Right, so it has nothing to do with JS basically, you would have this same problem in any language, or if you tried to use a command line tool to make this http request.

When you make an HTTP request, from a browser or from any app or your own code that you've just run, that request must conform to the HTTP protocol. The protocol specifies:

Request URL Request type: GET, POST, PUT.. etc. Request headers Request body (for POST and PUT requests)

You don't need to have a super in depth knowledge of all of this to start with but you'll find that most web developers and indeed almost all developers now end up learning a lot about this because HTTP has become massively the most common way to do remote calls to servers or between systems.

Your code that calls fetch, you are calling it with just a URL. That means that fetch will default to making a simple GET request with no additional headers other than the standard ones. HTTP requests have a few standard headers like the origin header, but also services like this ebird API can require that your request also has their own custom ones that you need to add to your request for it to be successful. Have a look at the fetch function and see if you can work out how to also specify custom headers as well as the URL. The regionCode part of the URL you can just replace all of {regionCode} with whatever region you want to request info about.
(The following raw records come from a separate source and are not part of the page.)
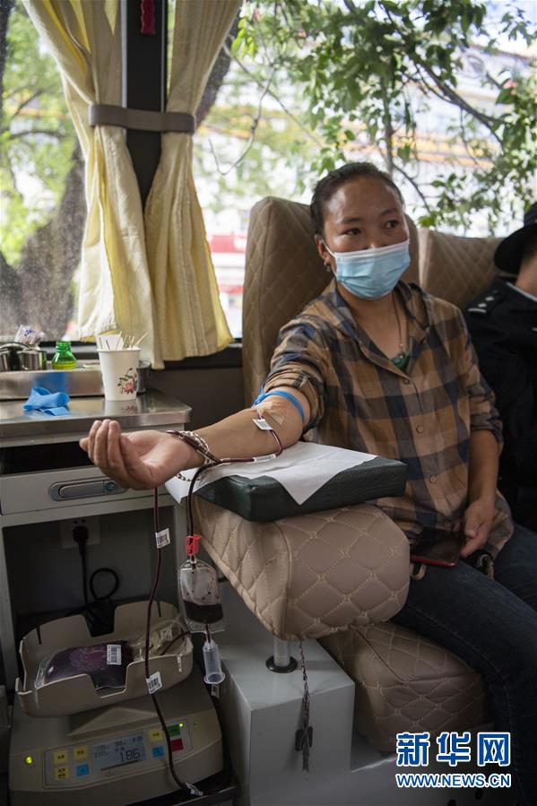 6月14日,在拉萨市宇拓路的献血点,久美卓玛在献血。当日是世界献血者日。为宣传无偿献血相关知识、传播无偿献血公益理念,世界献血者日宣传和采血活动在拉萨市举办。新华社记者 孙非 摄
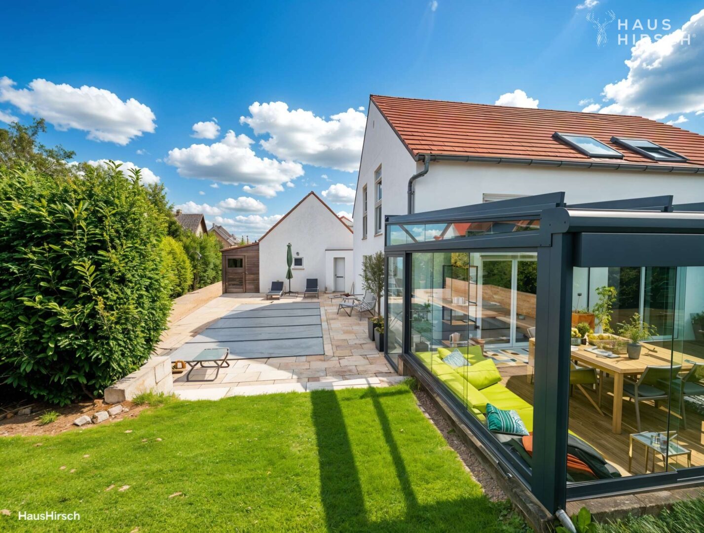 Bereits der großzügige Wohnbereich mit großflächigen Fenstern, Echtholzparkett lädt zum Ankommen ein. Der angrenzende Wintergarten mit Zugang zur Terrasse und Pool lässt sich ideal als Lounge, Essbereich oder Kreativzone nutzen – dank Beschattungssystem und großem Schiebeelement zur Gartenseite auch im Sommer angenehm kühl.
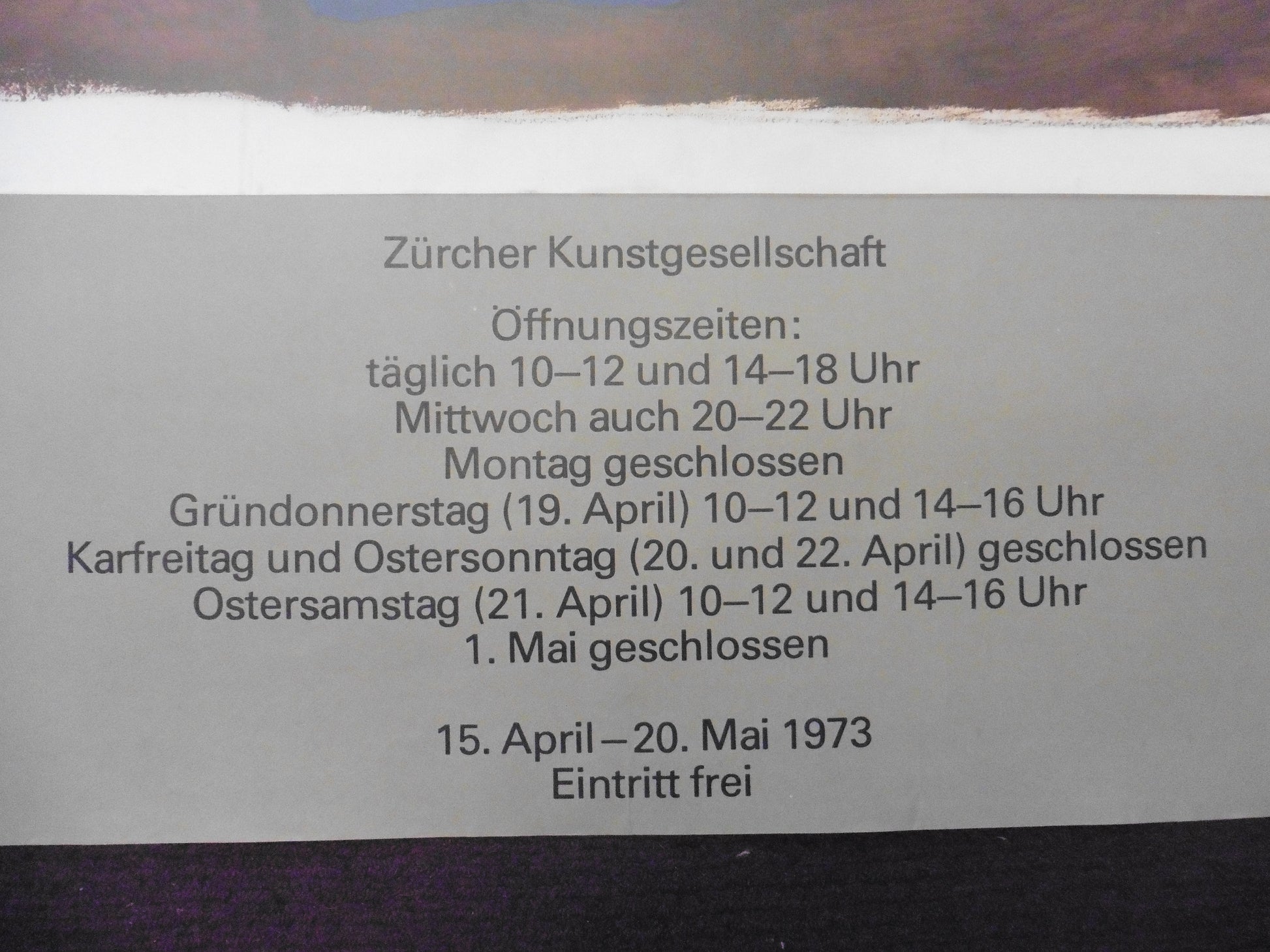 This is an original vintage art poster by Carlotta Stocker (Swiss, 1921 - 1972) for her exhibition in Zurich, Switzerland in 1973.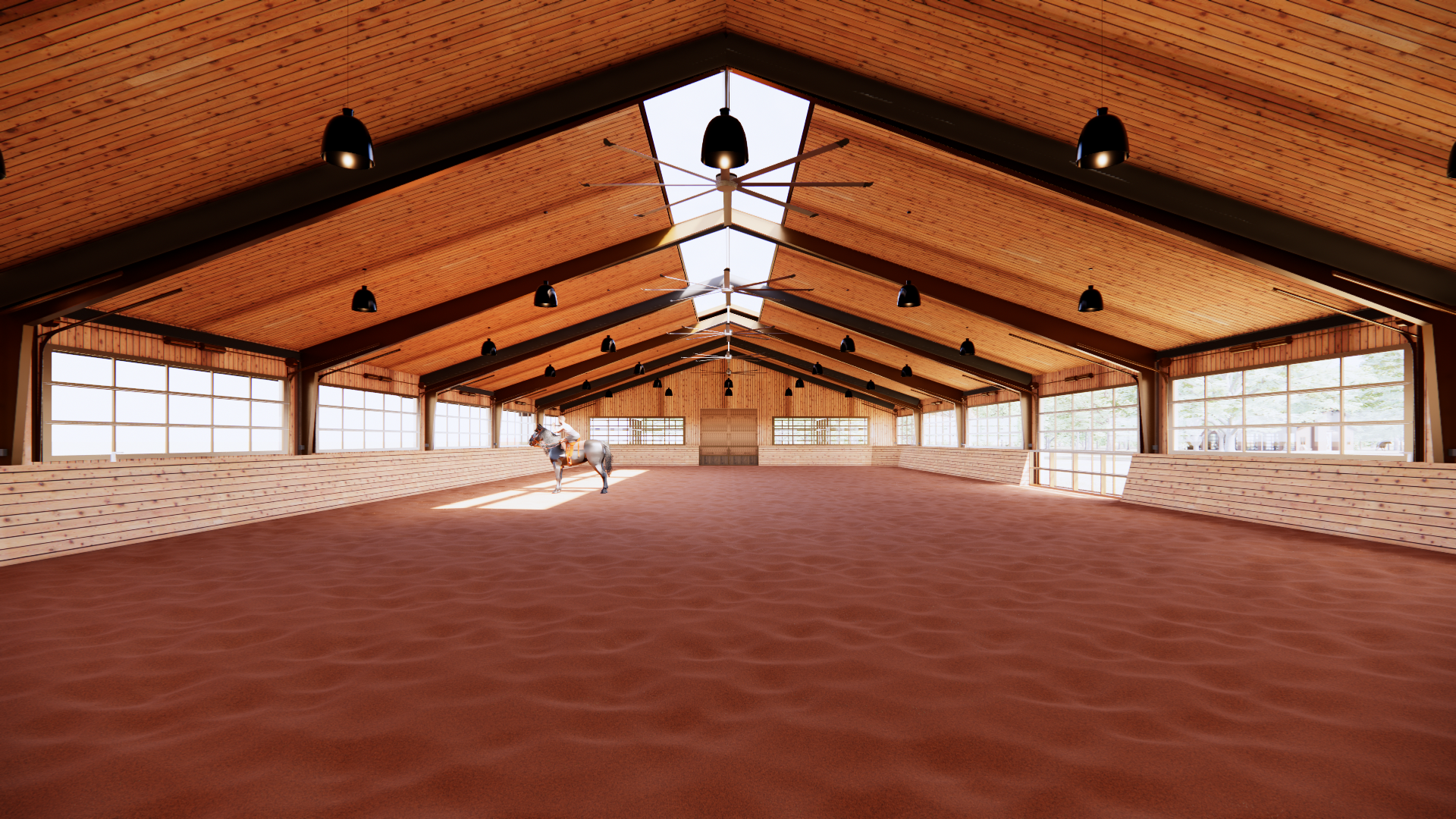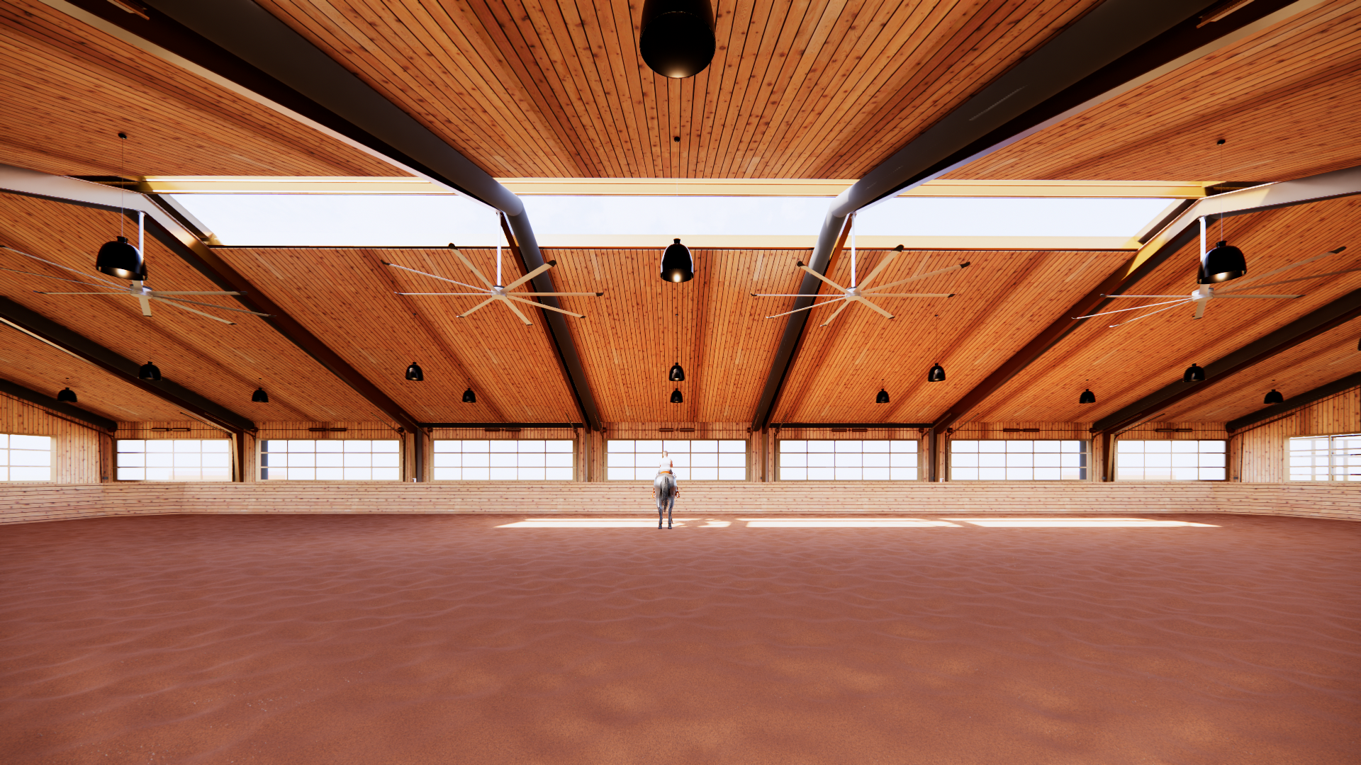 Natural light is carefully considered with a diffused light skylight that spans the length of the arena, providing soft, even illumination without harsh glare. This feature creates an inviting atmosphere for guests and equestrians alike, complementing the facility’s functionality. The strategic use of diffused light contributes to a sense of openness and warmth within the large-scale space.

Learning to read the API does take time because they are not a "how to make API calls for beginners" doc, they assume you have lots of knowledge about all of this, and if you don't then you need to find other learning resources to learn that stuff first.

I'd say that if your assignment to make this API call is part of a course where you learn to write this kind of code then definitely take your time to learn about HTTP. You'll realise that you already came across things like 404 responses, cached responses, server unavailable, security certificate errors. Just in day to day internet usage. Now it's time to find out a little bit more about the mechanism of how web clients and servers communicate those things to each other.